Me and the group
The truth is, I find it difficult to fit in with a group Any group. It's not like I don't want to belong. It's more like I am too different to be a real group member.
I can be on a team and work closely with a group. I can look and make-believe I am with the group. But I never feel I am really one of them.
So, when the dance friends suggested that I joined them to buy lunch for the instructor, I said yes with no hesitation. I've been in class with them about a year, and had never spent time with any of them outside of the dance sessions. I thought it was time I got to know them better.
Lunch should have been a straight-forward affair, right? We order food, we eat, we chat, we pay up, we split.
Well, no. Personality traits, strange beliefs and stranger practices came up.
The ringleader (take note that there is always one in a group) said for everyone to order their favourite dish from the huge menu. (Shades of democracy at play here.) When a dish was suggested, she vetoed the suggestion and offered an alternative. A better choice, she proclaimed. (Power play at work here.) And the others would agree. (Long established pecking order here).
They proclaimed that drinking water during the meal was harmful to one's health. I did not protest; I was trying my best to be one of the group, remember?
Believe me, every grain of rice felt like grit scraping the sides of my throat with every swallow.
They had huge appetites, and it was a delight to see them put away the food. But I really could not eat like them or I'd be zonked out for the rest of the afternoon from carbo overload. So they got on my case about not eating enough rice, which - you guessed it - was going to be detrimental to my health.
Finally, the food part of the meal was over. They ordered their hot coffees, teh's, milo's. I asked for an iced coffee (Please!! Finally, relief for my parched lips and dry throat). They said to me, "Do you know that you will get diabetes from drinking iced coffee?" I really and truly didn't. I also really and truly did not believe them. Besides I really and truly needed my iced coffee.

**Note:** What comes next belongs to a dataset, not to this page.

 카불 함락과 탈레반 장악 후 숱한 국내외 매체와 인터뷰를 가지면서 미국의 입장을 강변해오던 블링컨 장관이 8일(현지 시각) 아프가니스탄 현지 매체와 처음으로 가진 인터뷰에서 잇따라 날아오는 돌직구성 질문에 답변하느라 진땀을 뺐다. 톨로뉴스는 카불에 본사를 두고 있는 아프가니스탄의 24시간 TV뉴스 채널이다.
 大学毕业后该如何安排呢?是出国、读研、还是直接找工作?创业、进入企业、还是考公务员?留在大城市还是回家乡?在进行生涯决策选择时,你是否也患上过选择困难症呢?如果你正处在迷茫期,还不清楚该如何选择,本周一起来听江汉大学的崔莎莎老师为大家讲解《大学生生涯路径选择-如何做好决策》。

I got my way. I got my iced coffee. They eyed the melting ice in my glass mug with something between fascination and suspicion.
Well, as with all good things, the lunch had to come to an end. The group split up, meaning I went my way while the rest of them took off to explore the shops together. As a group.

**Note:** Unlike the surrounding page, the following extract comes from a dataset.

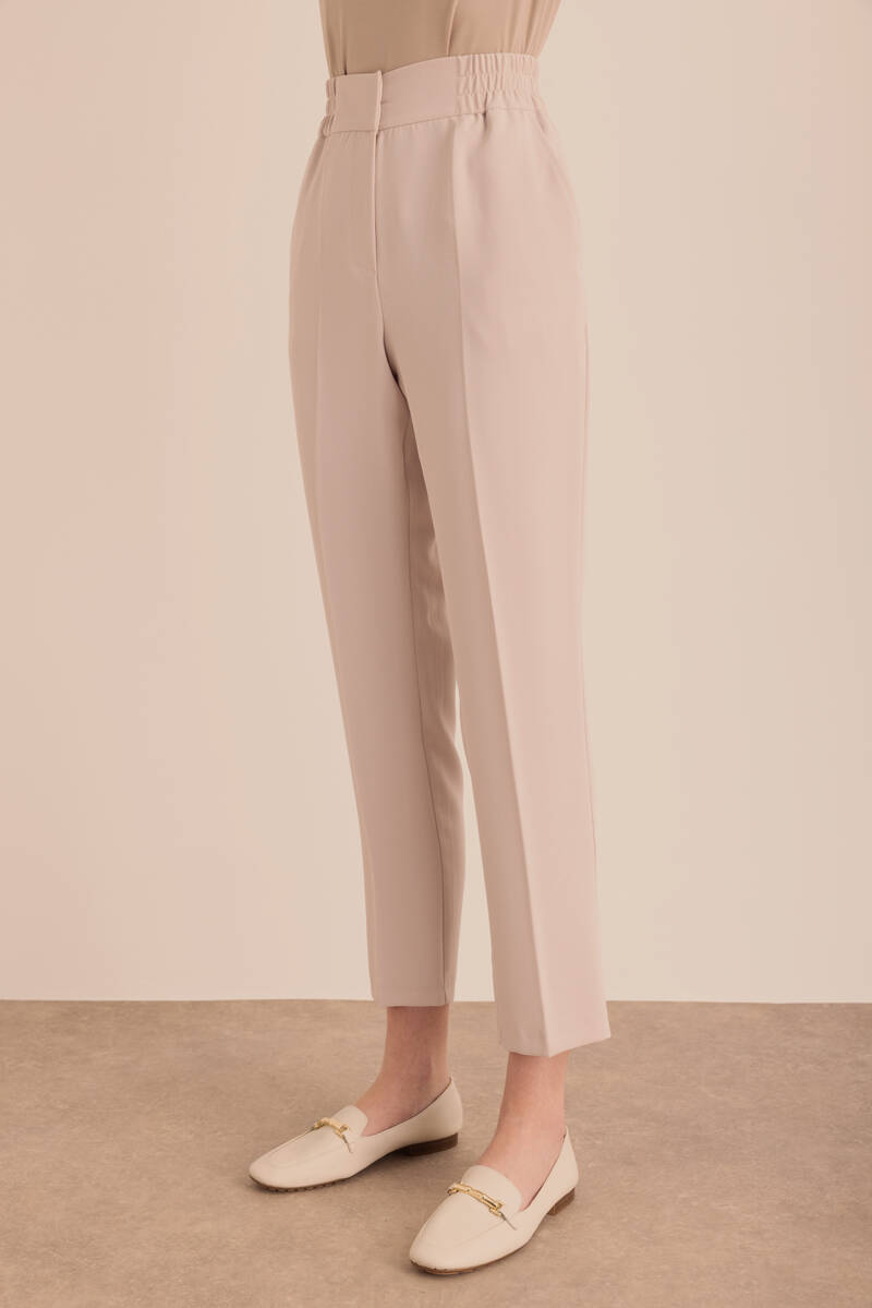 Fuşya Beli ve Paçası Lastikli Balon Form Keten Pantolon

See how I just have difficulty fitting into a group? Any group.
9 comments:
eat with me! eat with me! eat with me! i eat my burger patty and leave the bread. i order duck rice- i eat the duck and leave 3/4 of the rice untouched. and I NEED COLD water/drink ALONG with my meal.
plebians just don't get it. ;p
@imp: get what?
oops.
Hahahah
You know something, i am feeling exactly the same way as you do! Sometimes its like you join the group after they are formed like months ago, you will not integrate properly. When the group is doing something or talking, they conveniently leave you out. Either they forgot your existence or they simply feel that you are a little extra. The feeling sucks especially when there are like 2-3 a group, you join in, and most of them talk like you are transparent and you are totally excluded. You just want to leave and be alone but you cannot....you just hate it. Totally hate it.
imp - can! cam! cam! watch me eat one half of the burger bread haha.
jmalkavian - you *sputter* plebian, you!
bunny - this group not so bad lah. i think they trying to let me know they lup me :)
I can empathize with not fitting into any group. I don't like the need to conform or even appear to conform, or to agree to a common denominator that no one actually likes, but is just the least disagreeable.
wa! I'm surprised you didn't fake a tummy ache or something to say that you had to leave first. I guess u REALLY wanted to try to conform!
wildgoose - we don't like and we don't need to, but at the same time, i don't want to come across as difficult and uncooperative. so i have time for the nice pple, even if they are not quite my pple.
suziewong - cannot lah! like i said, they really lup me haha
i never quite fit into a group either, simply cos i hate taking orders from the ringleader and going anywhere with no purpose other than to just stick within the group. sometimes this 'bochap' attitude irks those who are more clique-ish and judgemental, which only serves me to avoid the group further.